Oops, I Said I love You
I made it into my office by 6:15 this morning. Yes, that is not a typo, it was 6:15 am and I am freaking tired. My daughter’s first tooth finally poked through so maybe we’ll get a break and she’ll let us sleep for more than 3.5 hours a night.
She and I spent time walking through the house at about 4 am or so. After about 15 minutes of holding her she fell back to sleep, but I couldn’t. So I puttered around the house for a bit and then decided to come in early.
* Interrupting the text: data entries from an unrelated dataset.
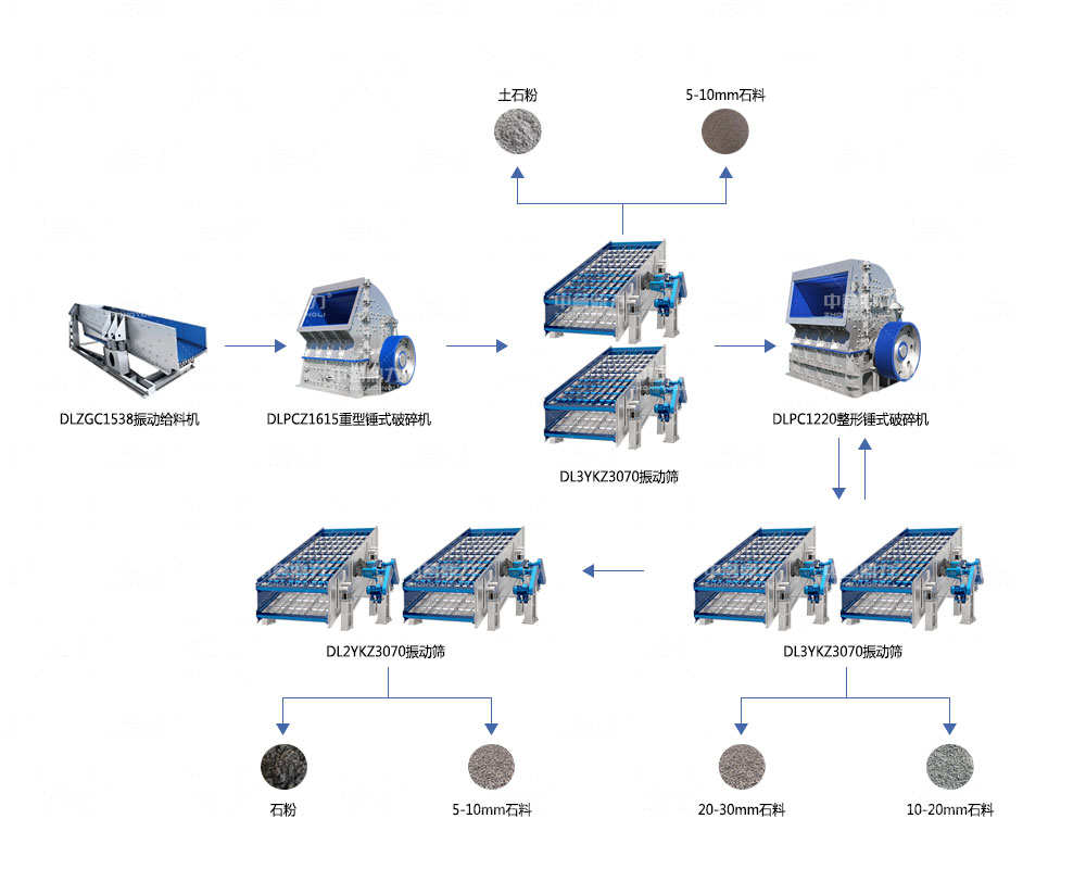 利用重錘破一次成型的性能優(yōu)勢,頭破直接出一部分5-10mm成品料,并經(jīng)過頭道篩篩分混料中的土石粉,提高成品料潔凈度,剩余物料經(jīng)過二次破碎后,先后進入兩道篩分,分別出20-30mm、10-20mm和5-10mm、石粉等成品料。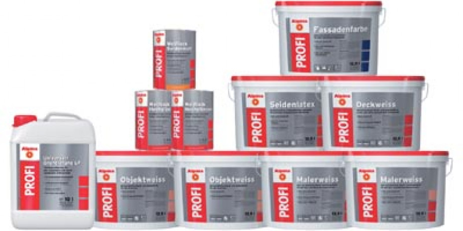 Mit dem Sortiment „Profi“ öffnet sich Alpina neuen Zielgruppen im Baumarkt. Anspruch und Umfang der Produkte liegen zwischen den Sortimenten für den Fachgroßhandels-Kunden und denen für den Heimwerker: Alpina Profi-Produkte, so der Anbieter, ermöglichen professionelle Ergebnisse und zugleich eine einfache und sichere Anwendung bei geringem Zeitaufwand. Zum neuen Sortiment gehören Innendispersionsfarben für vielfältige Anwendungsbereiche, Fassadenfarben und Lacke sowie passende Grundierungen und weitere Spezialprodukte. Optisch wird der neue Anspruch durch das sachliche Design der Gebinde deutlich, das sich mit silbergrauen Etiketten und roten Deckeln deutlich vom übrigen Alpina-Sortiment für den DIY-Kunden unterscheidet.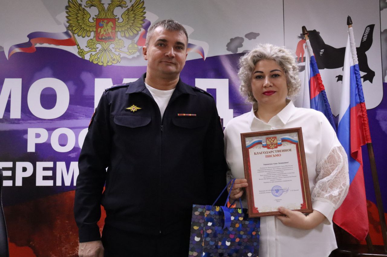 Начальник территориального отдела полковник полиции Сергей Линский лично поблагодарил Анну Орлову.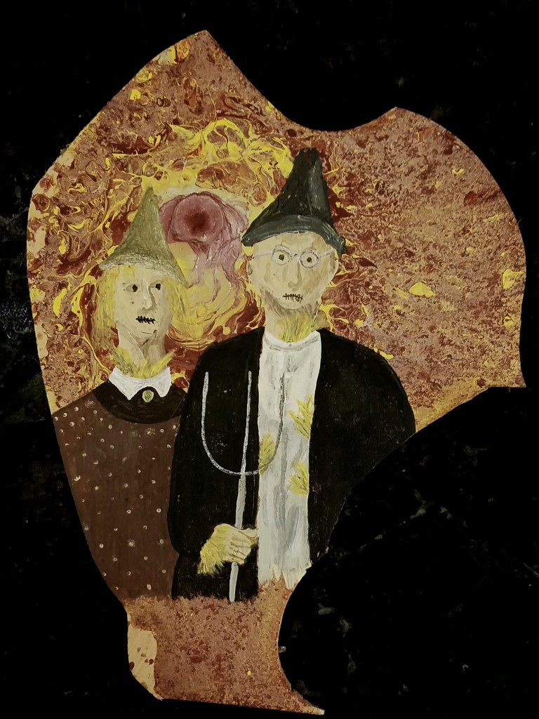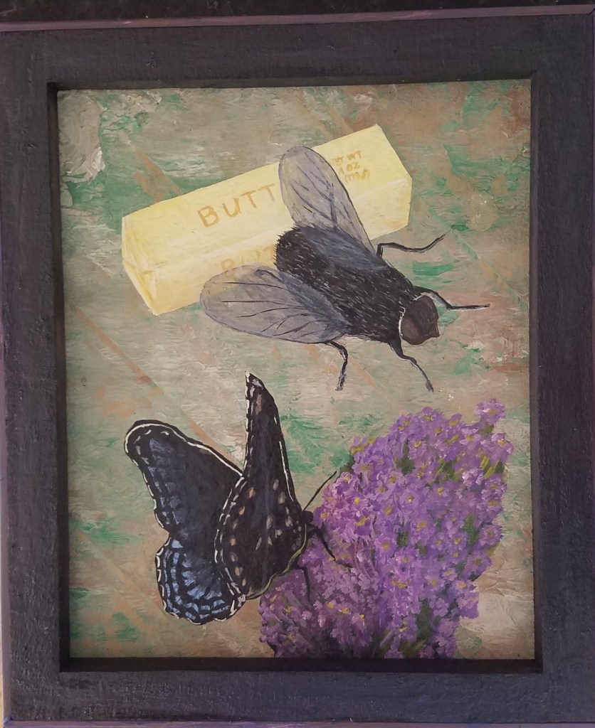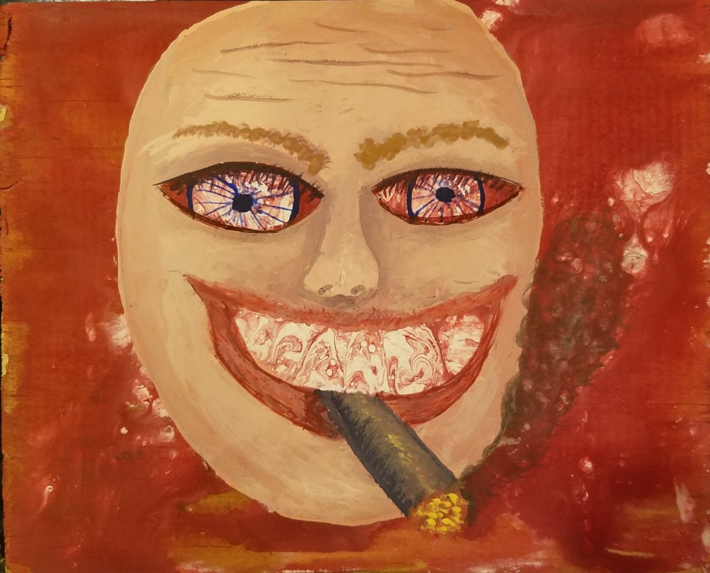 Another attempt to create something out of a failed pour painting. It’s certainly not winning any awards for artistry but it cracks me up whenever I look at it, so it makes it to the gallery, just barely.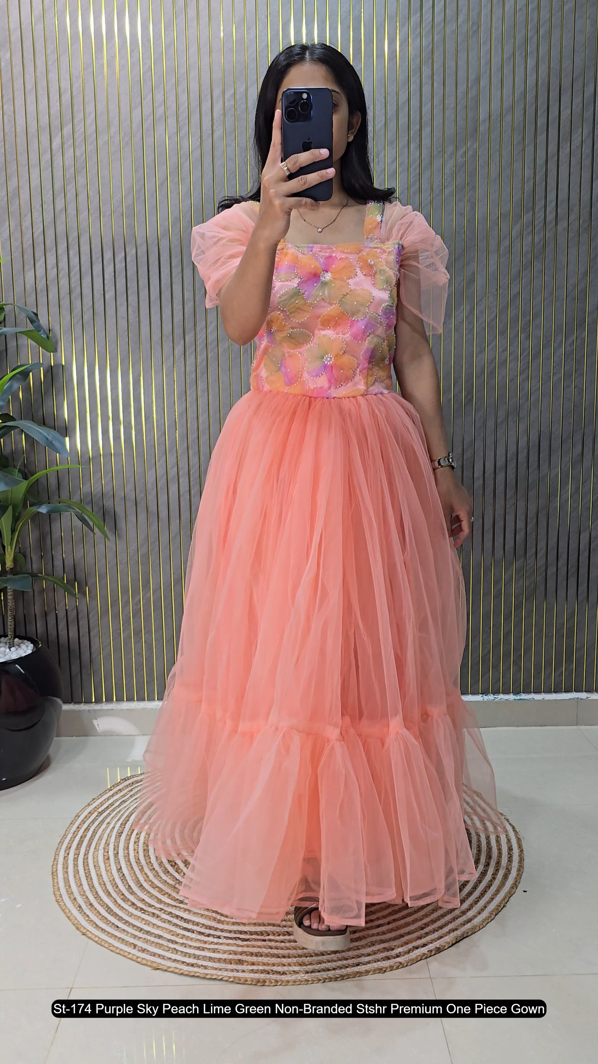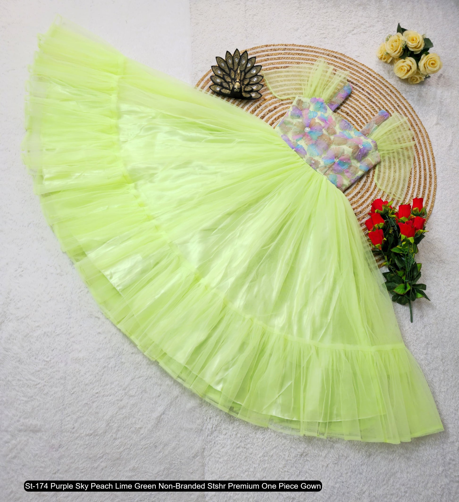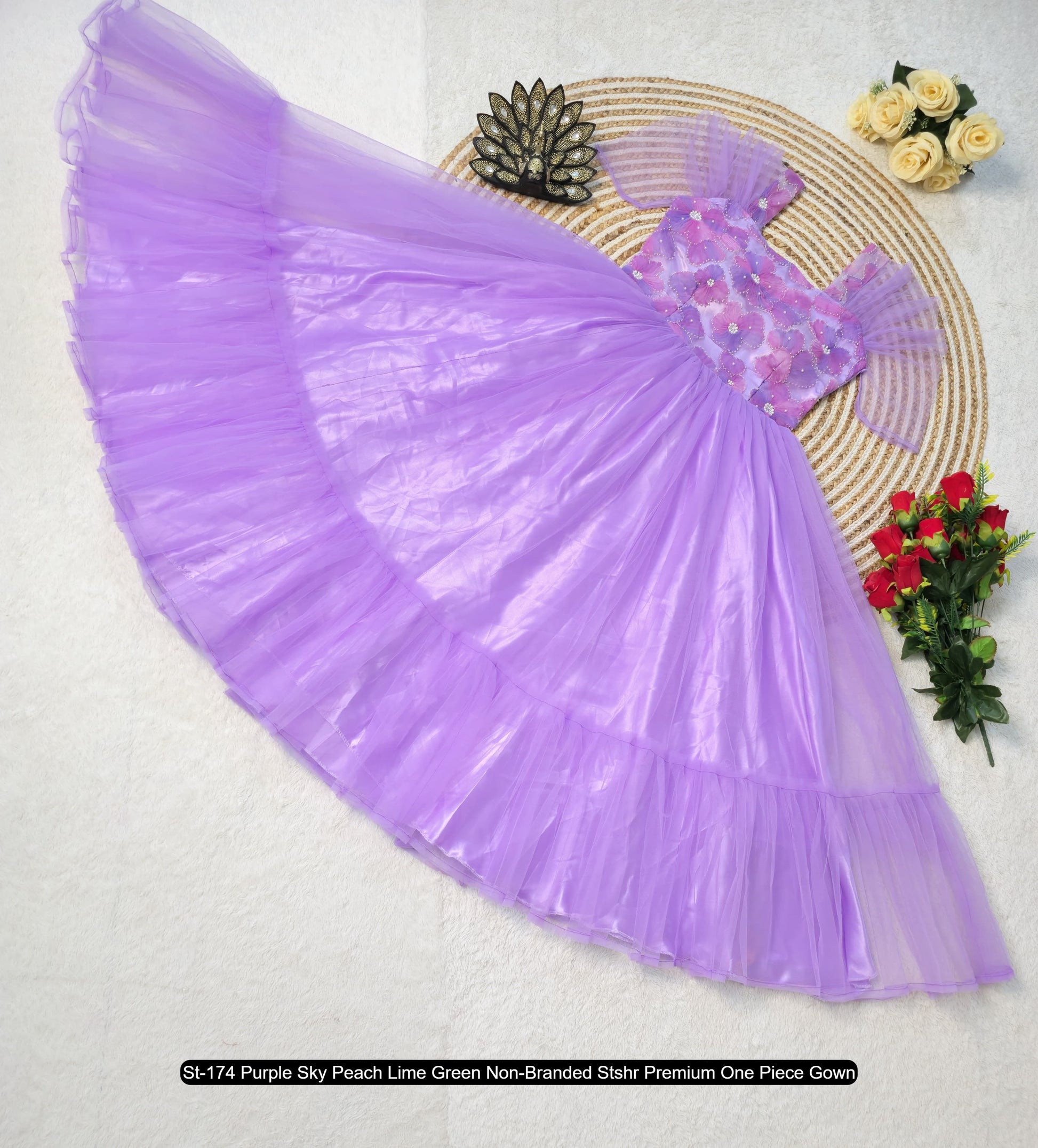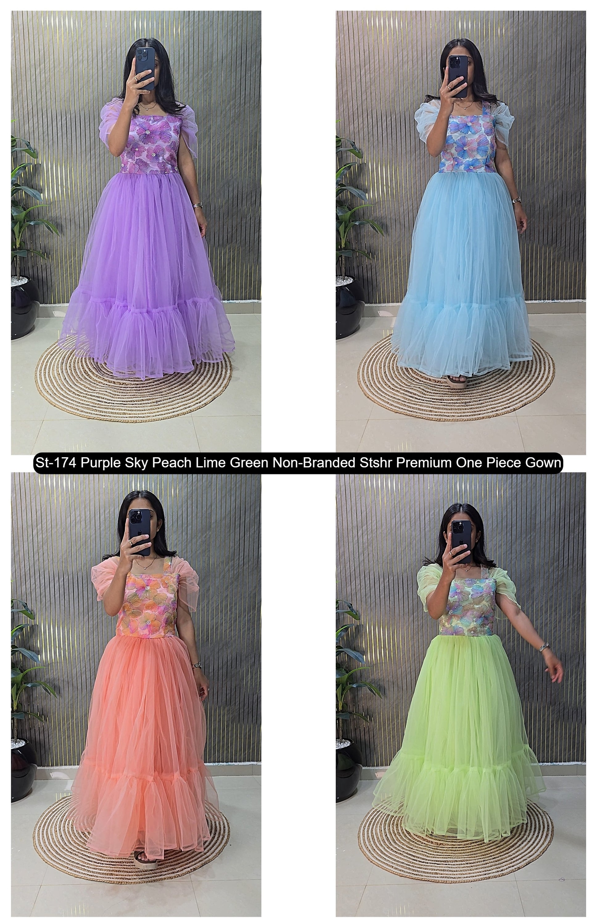 - St-174 Purple Sky Peach Lime Green Non-Branded Stshr Premium One Piece Gown Dealer Ahmedabad Surat Wholesale Gujarat India Lowest Price Best Quality Buy Purchase Shipping Kurta Salwaar Kameez Also free Cash on delivery

I am in desperate need of coffee, but I have to be very careful when and how much I drink or the caffeine G-ds pour their anger down upon me with a vengeance not seen since Noah and the flood. Since I am giving away all the family secrets let’s just say that during times like this I am damn happy to have my own office.
In all sincerity, it is much more pleasant to be this tired by myself than to have to listen to the guy next to me prattle on.
So here I sit, fatigued and famished, deprived and depraved. Kind of a dramatic line, but I like it.
Made a call to one of my customers and spent a good 15 minutes making sure that she was happy and satisfied with her service. As we ended the call I said, “I love you, talk to you later, to which she responded, “I love you too.”
I wonder if her face looked like mine as the line was disconnected. Was it screwed up in a pained expression that look that Charlie Brown get’s when Lucy moves the football.
Thought about calling her back to apologize and then figured that I already feel like I chewing the leather of my size 12 Rockports, no need to see if I can stuff anything else in there.
Didn’t feel as stupid as the guy who used to work with me. He had a client named B.J. The first time that he spoke with her he asked her if her name got her a lot of dates. He thought that it was really funny.
She did too, except the part that she found to be funny was calling our boss to complain about him.
There is a reason why we have two ears and one mouth.